:: MATERIAL FOR THIS TASK ::
......

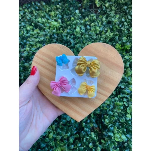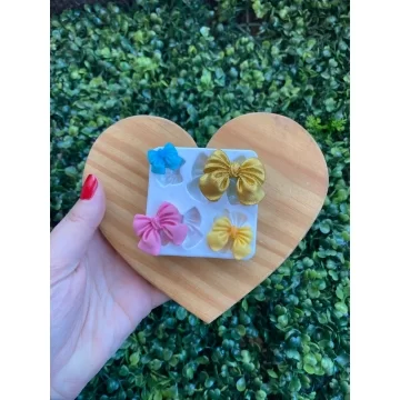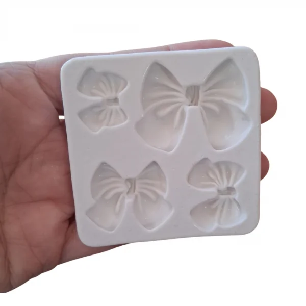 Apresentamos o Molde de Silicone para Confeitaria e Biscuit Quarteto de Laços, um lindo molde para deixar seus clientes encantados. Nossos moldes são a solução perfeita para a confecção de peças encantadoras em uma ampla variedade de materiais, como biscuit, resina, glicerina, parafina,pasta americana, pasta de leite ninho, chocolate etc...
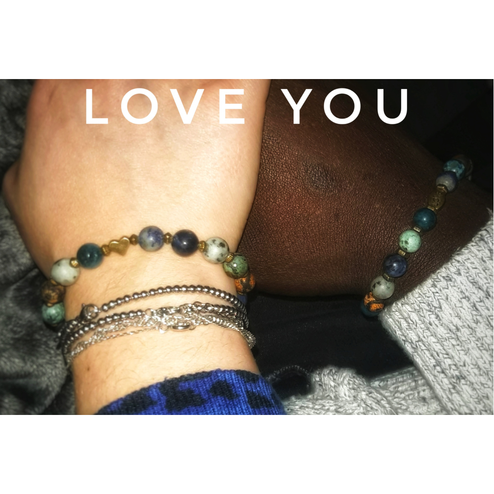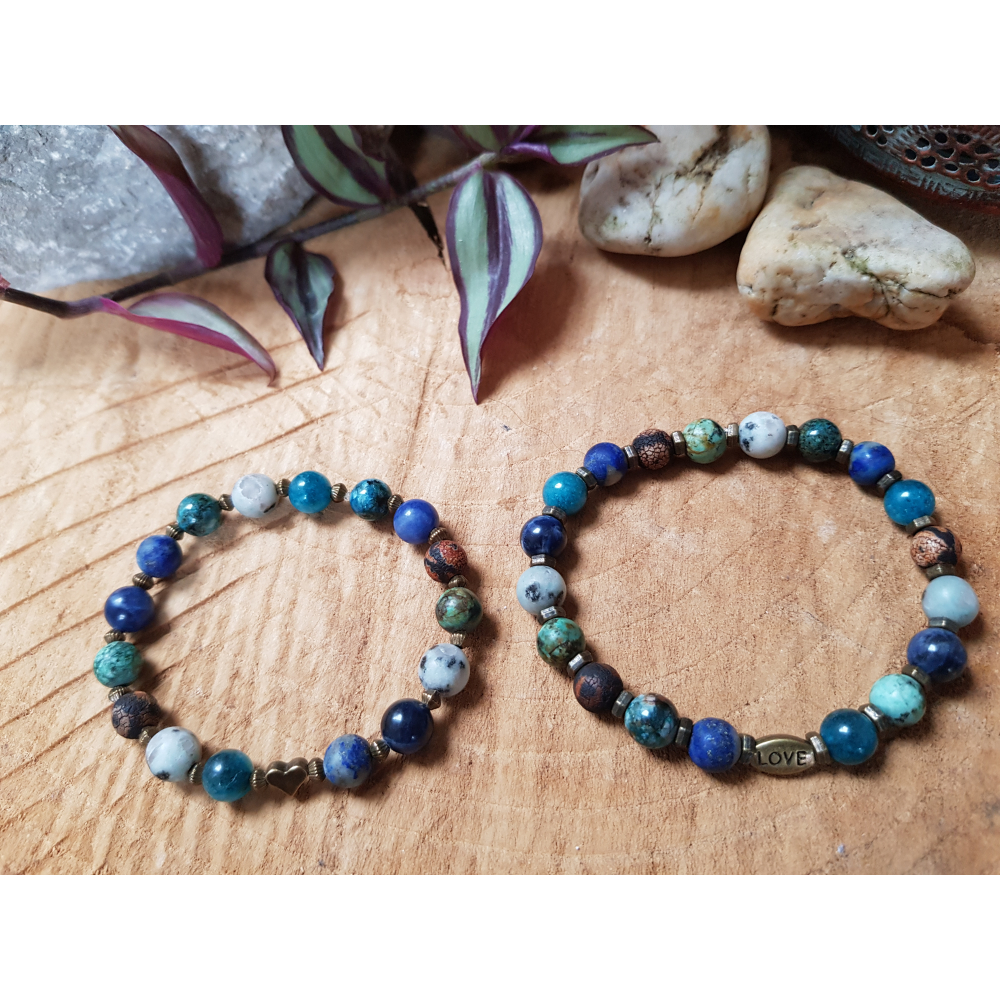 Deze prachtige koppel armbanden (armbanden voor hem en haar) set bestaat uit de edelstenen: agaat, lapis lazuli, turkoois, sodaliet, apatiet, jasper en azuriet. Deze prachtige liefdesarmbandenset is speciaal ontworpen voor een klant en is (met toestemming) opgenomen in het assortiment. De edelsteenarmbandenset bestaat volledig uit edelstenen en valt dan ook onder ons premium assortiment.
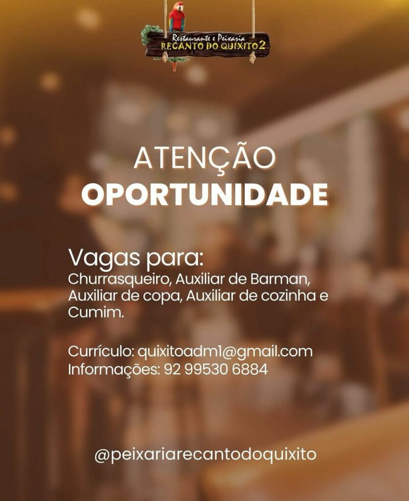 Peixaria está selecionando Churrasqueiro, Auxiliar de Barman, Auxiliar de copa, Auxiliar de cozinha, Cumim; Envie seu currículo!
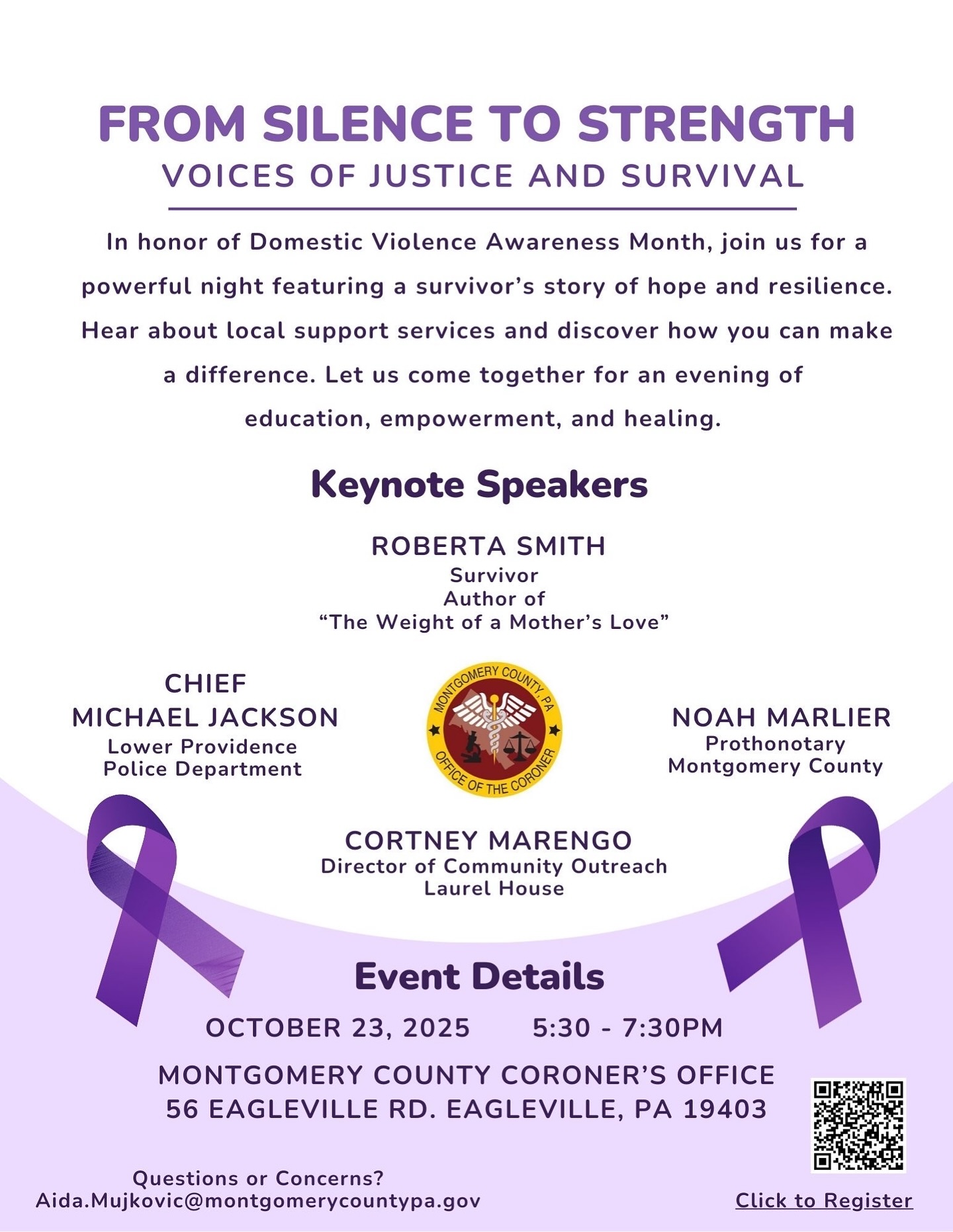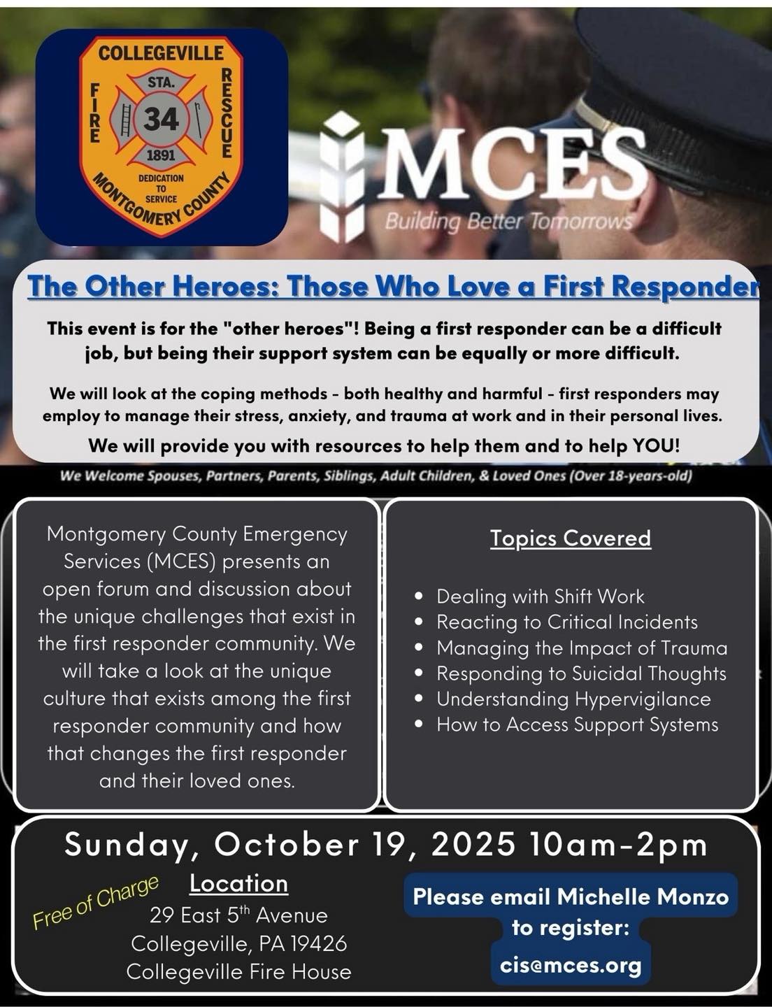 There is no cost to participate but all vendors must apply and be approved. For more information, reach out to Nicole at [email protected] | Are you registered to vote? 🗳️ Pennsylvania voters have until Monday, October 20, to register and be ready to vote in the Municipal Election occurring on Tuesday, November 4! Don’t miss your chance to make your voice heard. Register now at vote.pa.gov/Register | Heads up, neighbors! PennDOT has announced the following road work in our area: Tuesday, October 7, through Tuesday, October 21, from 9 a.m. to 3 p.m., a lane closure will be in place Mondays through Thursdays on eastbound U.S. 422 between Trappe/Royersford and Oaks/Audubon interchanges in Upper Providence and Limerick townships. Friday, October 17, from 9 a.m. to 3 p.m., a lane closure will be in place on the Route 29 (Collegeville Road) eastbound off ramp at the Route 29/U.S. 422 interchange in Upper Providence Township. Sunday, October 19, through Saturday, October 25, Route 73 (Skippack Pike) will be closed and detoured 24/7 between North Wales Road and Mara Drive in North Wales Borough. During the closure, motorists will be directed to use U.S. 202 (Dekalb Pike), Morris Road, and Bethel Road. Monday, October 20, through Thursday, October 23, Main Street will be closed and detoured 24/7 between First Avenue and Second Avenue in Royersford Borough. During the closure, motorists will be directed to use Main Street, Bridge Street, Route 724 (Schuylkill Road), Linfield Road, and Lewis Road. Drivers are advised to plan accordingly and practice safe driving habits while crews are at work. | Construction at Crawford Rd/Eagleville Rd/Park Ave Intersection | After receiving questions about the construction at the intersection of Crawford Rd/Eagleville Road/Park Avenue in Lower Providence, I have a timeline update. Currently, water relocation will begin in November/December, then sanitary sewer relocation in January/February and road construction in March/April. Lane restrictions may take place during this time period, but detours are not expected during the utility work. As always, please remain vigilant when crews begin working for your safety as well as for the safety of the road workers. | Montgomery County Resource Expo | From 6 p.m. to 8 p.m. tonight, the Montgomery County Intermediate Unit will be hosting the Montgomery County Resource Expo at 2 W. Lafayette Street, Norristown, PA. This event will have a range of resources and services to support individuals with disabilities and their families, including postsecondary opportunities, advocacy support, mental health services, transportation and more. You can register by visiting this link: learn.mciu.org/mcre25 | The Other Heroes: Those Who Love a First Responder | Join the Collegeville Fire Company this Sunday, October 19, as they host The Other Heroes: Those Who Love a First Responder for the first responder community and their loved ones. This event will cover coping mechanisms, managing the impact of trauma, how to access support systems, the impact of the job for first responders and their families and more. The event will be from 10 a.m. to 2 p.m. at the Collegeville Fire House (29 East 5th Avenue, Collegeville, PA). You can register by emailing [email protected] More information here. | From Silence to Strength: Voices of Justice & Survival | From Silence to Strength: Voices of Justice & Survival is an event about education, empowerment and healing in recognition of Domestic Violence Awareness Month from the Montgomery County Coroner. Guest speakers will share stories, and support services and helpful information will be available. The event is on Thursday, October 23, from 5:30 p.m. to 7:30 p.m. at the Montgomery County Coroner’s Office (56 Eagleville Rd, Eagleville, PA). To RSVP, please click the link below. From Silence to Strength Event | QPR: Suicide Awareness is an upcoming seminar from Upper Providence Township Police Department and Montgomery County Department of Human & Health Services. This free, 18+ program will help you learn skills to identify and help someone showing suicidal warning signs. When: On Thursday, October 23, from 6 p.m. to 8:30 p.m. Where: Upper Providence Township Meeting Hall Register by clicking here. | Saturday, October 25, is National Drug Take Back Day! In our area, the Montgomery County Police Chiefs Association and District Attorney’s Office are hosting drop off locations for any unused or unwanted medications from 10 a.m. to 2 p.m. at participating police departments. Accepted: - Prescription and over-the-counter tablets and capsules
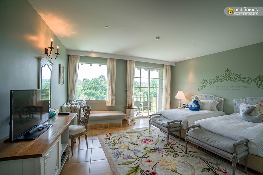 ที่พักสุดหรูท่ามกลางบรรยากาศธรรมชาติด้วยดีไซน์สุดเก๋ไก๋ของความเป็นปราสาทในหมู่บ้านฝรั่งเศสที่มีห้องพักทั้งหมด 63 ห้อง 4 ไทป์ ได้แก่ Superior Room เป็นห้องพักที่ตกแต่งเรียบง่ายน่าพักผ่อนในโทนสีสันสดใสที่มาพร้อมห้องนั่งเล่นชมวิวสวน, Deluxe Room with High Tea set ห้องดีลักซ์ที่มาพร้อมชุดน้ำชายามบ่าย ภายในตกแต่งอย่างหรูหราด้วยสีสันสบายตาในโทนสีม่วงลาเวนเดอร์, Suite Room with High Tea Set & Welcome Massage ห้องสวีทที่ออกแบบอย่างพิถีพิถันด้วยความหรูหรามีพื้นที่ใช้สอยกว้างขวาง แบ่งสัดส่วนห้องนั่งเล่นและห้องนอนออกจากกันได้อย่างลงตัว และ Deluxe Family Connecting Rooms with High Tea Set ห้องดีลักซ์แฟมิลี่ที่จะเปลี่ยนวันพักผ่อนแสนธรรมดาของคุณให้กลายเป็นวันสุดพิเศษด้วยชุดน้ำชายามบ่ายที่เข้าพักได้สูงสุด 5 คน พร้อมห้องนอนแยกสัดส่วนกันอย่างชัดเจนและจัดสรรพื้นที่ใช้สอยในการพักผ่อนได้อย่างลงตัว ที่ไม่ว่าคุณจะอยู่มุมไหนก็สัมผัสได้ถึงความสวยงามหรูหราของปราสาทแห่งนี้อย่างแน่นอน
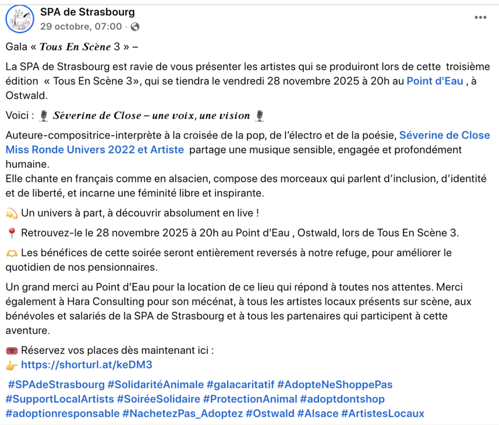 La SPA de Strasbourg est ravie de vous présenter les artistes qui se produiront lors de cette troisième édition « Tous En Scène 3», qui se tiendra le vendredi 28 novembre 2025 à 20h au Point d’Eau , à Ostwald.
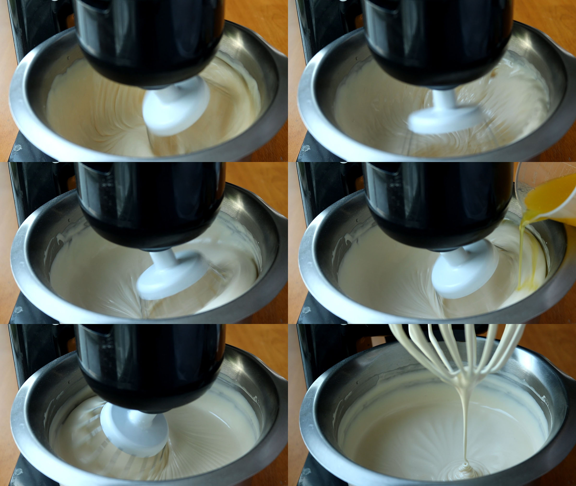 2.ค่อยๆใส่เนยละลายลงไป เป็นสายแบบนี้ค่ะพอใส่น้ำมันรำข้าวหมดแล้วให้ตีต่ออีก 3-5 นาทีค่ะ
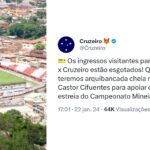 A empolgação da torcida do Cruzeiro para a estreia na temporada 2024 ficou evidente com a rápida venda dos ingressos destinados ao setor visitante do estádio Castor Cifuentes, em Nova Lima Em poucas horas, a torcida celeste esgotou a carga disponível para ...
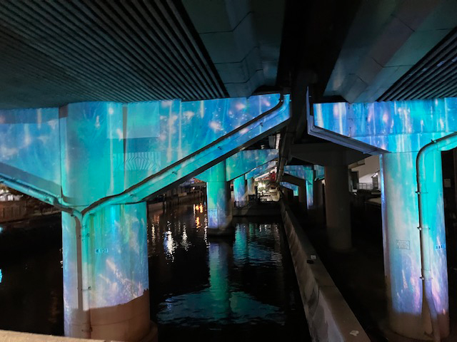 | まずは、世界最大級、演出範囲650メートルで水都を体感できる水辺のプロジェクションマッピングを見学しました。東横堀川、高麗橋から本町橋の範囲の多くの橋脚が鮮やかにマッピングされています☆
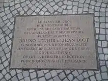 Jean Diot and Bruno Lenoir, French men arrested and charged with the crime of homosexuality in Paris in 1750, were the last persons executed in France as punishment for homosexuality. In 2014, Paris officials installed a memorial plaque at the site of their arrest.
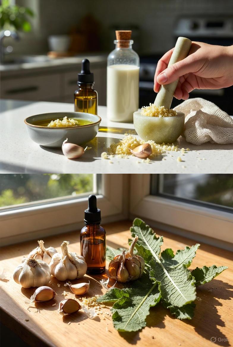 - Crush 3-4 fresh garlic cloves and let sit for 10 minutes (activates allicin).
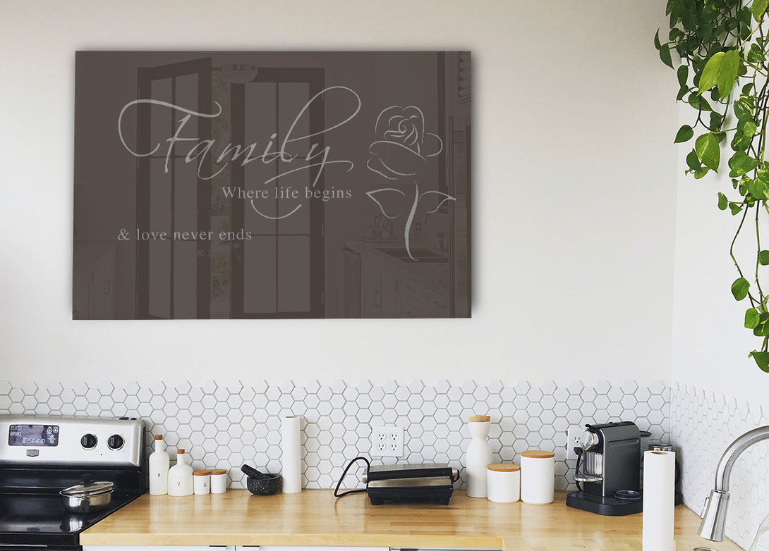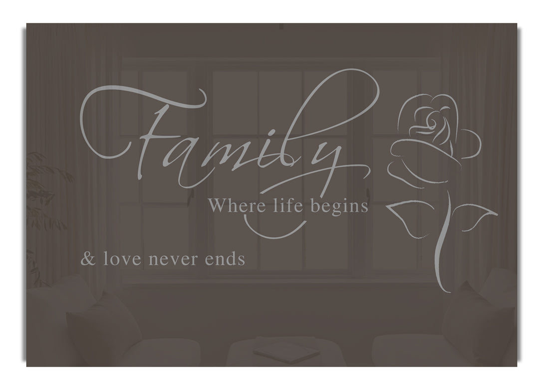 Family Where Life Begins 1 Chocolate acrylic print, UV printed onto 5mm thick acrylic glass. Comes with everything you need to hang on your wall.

......

:: PROBLEM TO WORK ON ::
Nothing but the pictures may be dropped; output the records above exactly.

:: WRITTEN SOLUTION ::
 Apresentamos o Molde de Silicone para Confeitaria e Biscuit Quarteto de Laços, um lindo molde para deixar seus clientes encantados. Nossos moldes são a solução perfeita para a confecção de peças encantadoras em uma ampla variedade de materiais, como biscuit, resina, glicerina, parafina,pasta americana, pasta de leite ninho, chocolate etc...
 Deze prachtige koppel armbanden (armbanden voor hem en haar) set bestaat uit de edelstenen: agaat, lapis lazuli, turkoois, sodaliet, apatiet, jasper en azuriet. Deze prachtige liefdesarmbandenset is speciaal ontworpen voor een klant en is (met toestemming) opgenomen in het assortiment. De edelsteenarmbandenset bestaat volledig uit edelstenen en valt dan ook onder ons premium assortiment.
 Peixaria está selecionando Churrasqueiro, Auxiliar de Barman, Auxiliar de copa, Auxiliar de cozinha, Cumim; Envie seu currículo!
 There is no cost to participate but all vendors must apply and be approved. For more information, reach out to Nicole at [email protected] | Are you registered to vote? 🗳️ Pennsylvania voters have until Monday, October 20, to register and be ready to vote in the Municipal Election occurring on Tuesday, November 4! Don’t miss your chance to make your voice heard. Register now at vote.pa.gov/Register | Heads up, neighbors! PennDOT has announced the following road work in our area: Tuesday, October 7, through Tuesday, October 21, from 9 a.m. to 3 p.m., a lane closure will be in place Mondays through Thursdays on eastbound U.S. 422 between Trappe/Royersford and Oaks/Audubon interchanges in Upper Providence and Limerick townships. Friday, October 17, from 9 a.m. to 3 p.m., a lane closure will be in place on the Route 29 (Collegeville Road) eastbound off ramp at the Route 29/U.S. 422 interchange in Upper Providence Township. Sunday, October 19, through Saturday, October 25, Route 73 (Skippack Pike) will be closed and detoured 24/7 between North Wales Road and Mara Drive in North Wales Borough. During the closure, motorists will be directed to use U.S. 202 (Dekalb Pike), Morris Road, and Bethel Road. Monday, October 20, through Thursday, October 23, Main Street will be closed and detoured 24/7 between First Avenue and Second Avenue in Royersford Borough. During the closure, motorists will be directed to use Main Street, Bridge Street, Route 724 (Schuylkill Road), Linfield Road, and Lewis Road. Drivers are advised to plan accordingly and practice safe driving habits while crews are at work. | Construction at Crawford Rd/Eagleville Rd/Park Ave Intersection | After receiving questions about the construction at the intersection of Crawford Rd/Eagleville Road/Park Avenue in Lower Providence, I have a timeline update. Currently, water relocation will begin in November/December, then sanitary sewer relocation in January/February and road construction in March/April. Lane restrictions may take place during this time period, but detours are not expected during the utility work. As always, please remain vigilant when crews begin working for your safety as well as for the safety of the road workers. | Montgomery County Resource Expo | From 6 p.m. to 8 p.m. tonight, the Montgomery County Intermediate Unit will be hosting the Montgomery County Resource Expo at 2 W. Lafayette Street, Norristown, PA. This event will have a range of resources and services to support individuals with disabilities and their families, including postsecondary opportunities, advocacy support, mental health services, transportation and more. You can register by visiting this link: learn.mciu.org/mcre25 | The Other Heroes: Those Who Love a First Responder | Join the Collegeville Fire Company this Sunday, October 19, as they host The Other Heroes: Those Who Love a First Responder for the first responder community and their loved ones. This event will cover coping mechanisms, managing the impact of trauma, how to access support systems, the impact of the job for first responders and their families and more. The event will be from 10 a.m. to 2 p.m. at the Collegeville Fire House (29 East 5th Avenue, Collegeville, PA). You can register by emailing [email protected] More information here. | From Silence to Strength: Voices of Justice & Survival | From Silence to Strength: Voices of Justice & Survival is an event about education, empowerment and healing in recognition of Domestic Violence Awareness Month from the Montgomery County Coroner. Guest speakers will share stories, and support services and helpful information will be available. The event is on Thursday, October 23, from 5:30 p.m. to 7:30 p.m. at the Montgomery County Coroner’s Office (56 Eagleville Rd, Eagleville, PA). To RSVP, please click the link below. From Silence to Strength Event | QPR: Suicide Awareness is an upcoming seminar from Upper Providence Township Police Department and Montgomery County Department of Human & Health Services. This free, 18+ program will help you learn skills to identify and help someone showing suicidal warning signs. When: On Thursday, October 23, from 6 p.m. to 8:30 p.m. Where: Upper Providence Township Meeting Hall Register by clicking here. | Saturday, October 25, is National Drug Take Back Day! In our area, the Montgomery County Police Chiefs Association and District Attorney’s Office are hosting drop off locations for any unused or unwanted medications from 10 a.m. to 2 p.m. at participating police departments. Accepted: - Prescription and over-the-counter tablets and capsules
 ที่พักสุดหรูท่ามกลางบรรยากาศธรรมชาติด้วยดีไซน์สุดเก๋ไก๋ของความเป็นปราสาทในหมู่บ้านฝรั่งเศสที่มีห้องพักทั้งหมด 63 ห้อง 4 ไทป์ ได้แก่ Superior Room เป็นห้องพักที่ตกแต่งเรียบง่ายน่าพักผ่อนในโทนสีสันสดใสที่มาพร้อมห้องนั่งเล่นชมวิวสวน, Deluxe Room with High Tea set ห้องดีลักซ์ที่มาพร้อมชุดน้ำชายามบ่าย ภายในตกแต่งอย่างหรูหราด้วยสีสันสบายตาในโทนสีม่วงลาเวนเดอร์, Suite Room with High Tea Set & Welcome Massage ห้องสวีทที่ออกแบบอย่างพิถีพิถันด้วยความหรูหรามีพื้นที่ใช้สอยกว้างขวาง แบ่งสัดส่วนห้องนั่งเล่นและห้องนอนออกจากกันได้อย่างลงตัว และ Deluxe Family Connecting Rooms with High Tea Set ห้องดีลักซ์แฟมิลี่ที่จะเปลี่ยนวันพักผ่อนแสนธรรมดาของคุณให้กลายเป็นวันสุดพิเศษด้วยชุดน้ำชายามบ่ายที่เข้าพักได้สูงสุด 5 คน พร้อมห้องนอนแยกสัดส่วนกันอย่างชัดเจนและจัดสรรพื้นที่ใช้สอยในการพักผ่อนได้อย่างลงตัว ที่ไม่ว่าคุณจะอยู่มุมไหนก็สัมผัสได้ถึงความสวยงามหรูหราของปราสาทแห่งนี้อย่างแน่นอน
 La SPA de Strasbourg est ravie de vous présenter les artistes qui se produiront lors de cette troisième édition « Tous En Scène 3», qui se tiendra le vendredi 28 novembre 2025 à 20h au Point d’Eau , à Ostwald.
 2.ค่อยๆใส่เนยละลายลงไป เป็นสายแบบนี้ค่ะพอใส่น้ำมันรำข้าวหมดแล้วให้ตีต่ออีก 3-5 นาทีค่ะ
 A empolgação da torcida do Cruzeiro para a estreia na temporada 2024 ficou evidente com a rápida venda dos ingressos destinados ao setor visitante do estádio Castor Cifuentes, em Nova Lima Em poucas horas, a torcida celeste esgotou a carga disponível para ...
 | まずは、世界最大級、演出範囲650メートルで水都を体感できる水辺のプロジェクションマッピングを見学しました。東横堀川、高麗橋から本町橋の範囲の多くの橋脚が鮮やかにマッピングされています☆
 Jean Diot and Bruno Lenoir, French men arrested and charged with the crime of homosexuality in Paris in 1750, were the last persons executed in France as punishment for homosexuality. In 2014, Paris officials installed a memorial plaque at the site of their arrest.
 - Crush 3-4 fresh garlic cloves and let sit for 10 minutes (activates allicin).
 Family Where Life Begins 1 Chocolate acrylic print, UV printed onto 5mm thick acrylic glass. Comes with everything you need to hang on your wall.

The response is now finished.